Wednesday, July 1, 2009

I Went To Africa...

I went to Africa with that thought; the little one I think everyone has before they go; that I would change it. And then there is the one that everyone who’s been has put in my head; that it would change me. Well, I think I did, a little, and it did, a little. But a lot is still the same. A lot of Africa hasn’t changed. It’s still harder and simpler, confusing and scary, beautiful and broken. A lot of me hasn’t changed. I’m still complicated and searching, confused and scared, unworthy and loved. And that’s exactly the point. I’m not looking for something I can change. I’m not reliant on something to change me. I’m simply looking for, relying on someone to serve.

But still, I did change it… a little. Someone is a little less confused and scared and feels a little more unworthy; a little more loved. And it did change me… a little. I’m a little simpler, searching a little harder. And, thank goodness; I’m a little more broken.

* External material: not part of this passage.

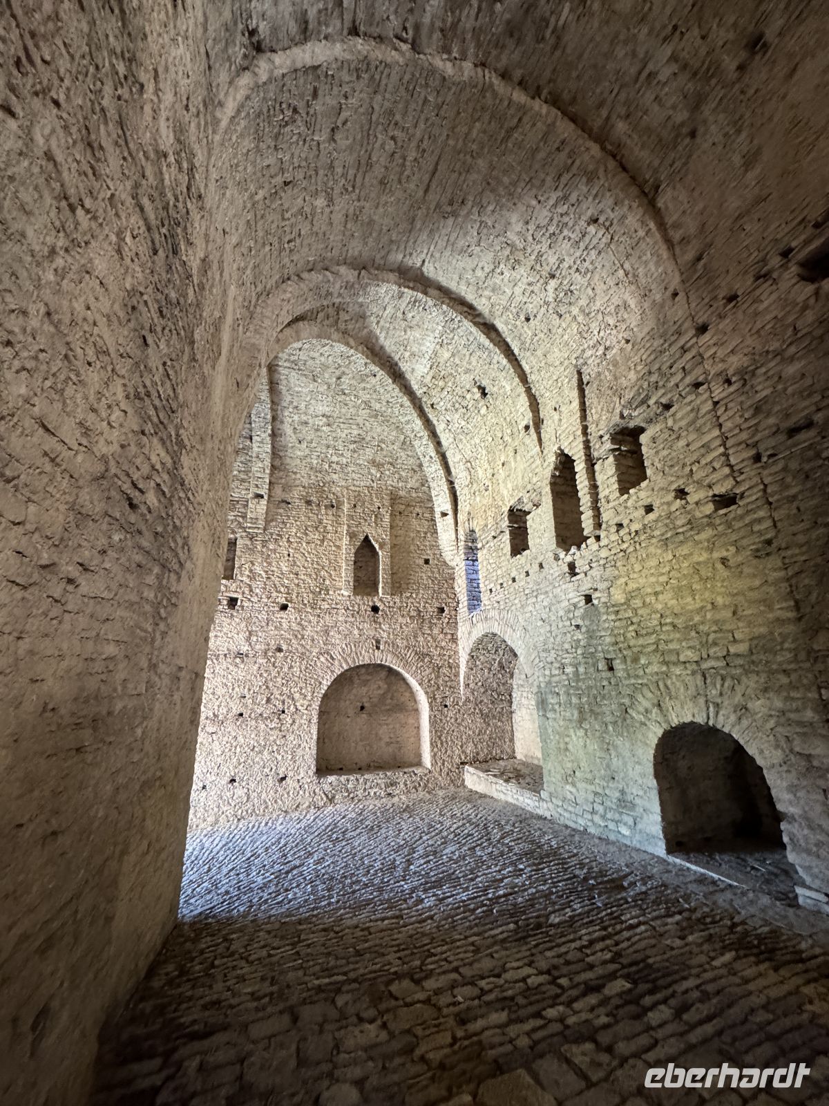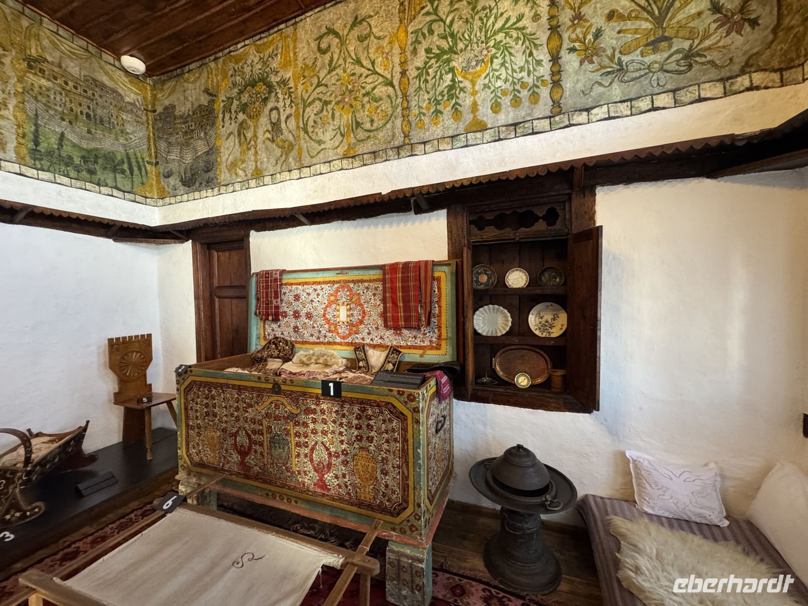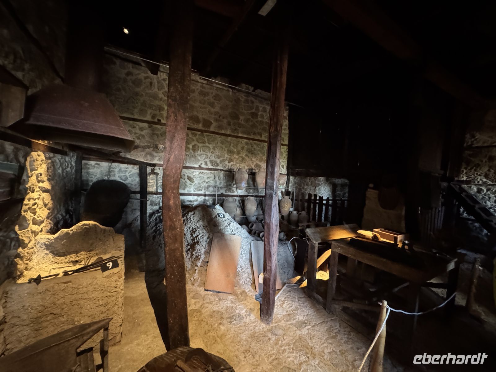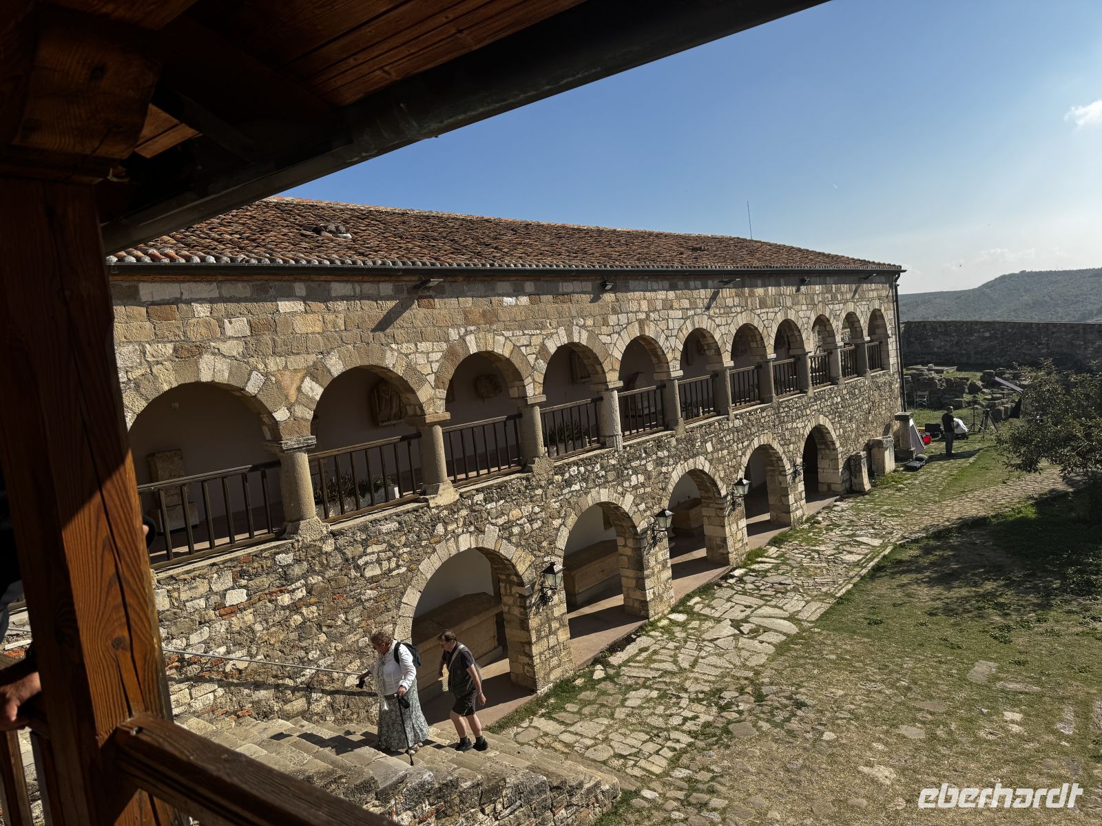 Wir begeben uns auf einem steilen Pflasterweg hinauf zur Burg, wo wir das Waffenmuseum besichtigen und von Neli viel Wissenswertes über die Geschichte der Festung und der Region erfahren. Wir besuchen das Skenduli-Haus, welches liebevoll restauriert wurde und heute als Museum für Geschichte fungiert.

As my next trip to Africa approaches very quickly, I've looked back on some of the things I wrote/learned after my previous trips. I wrote this the day after I got back from my very first trip. It was true then and it continues to be true after each and every return trip I've made...and I hope and pray that it remains true every time...

1 comment:

  1. Kari,
    I'm so excited for you and the opportunity God has given you to return to Africa! I know your heart is very much a part of Africa and I can't help but pray for you and the lives you will touch being there. You are an inspiration and an amazing woman of God. He is using you to further his kingdom and I'm so blessed to be able to watch you grow and learn from your trips. Thank you for sharing the things you learn and see! I can't wait to hear about the next trip! I love you lots sister!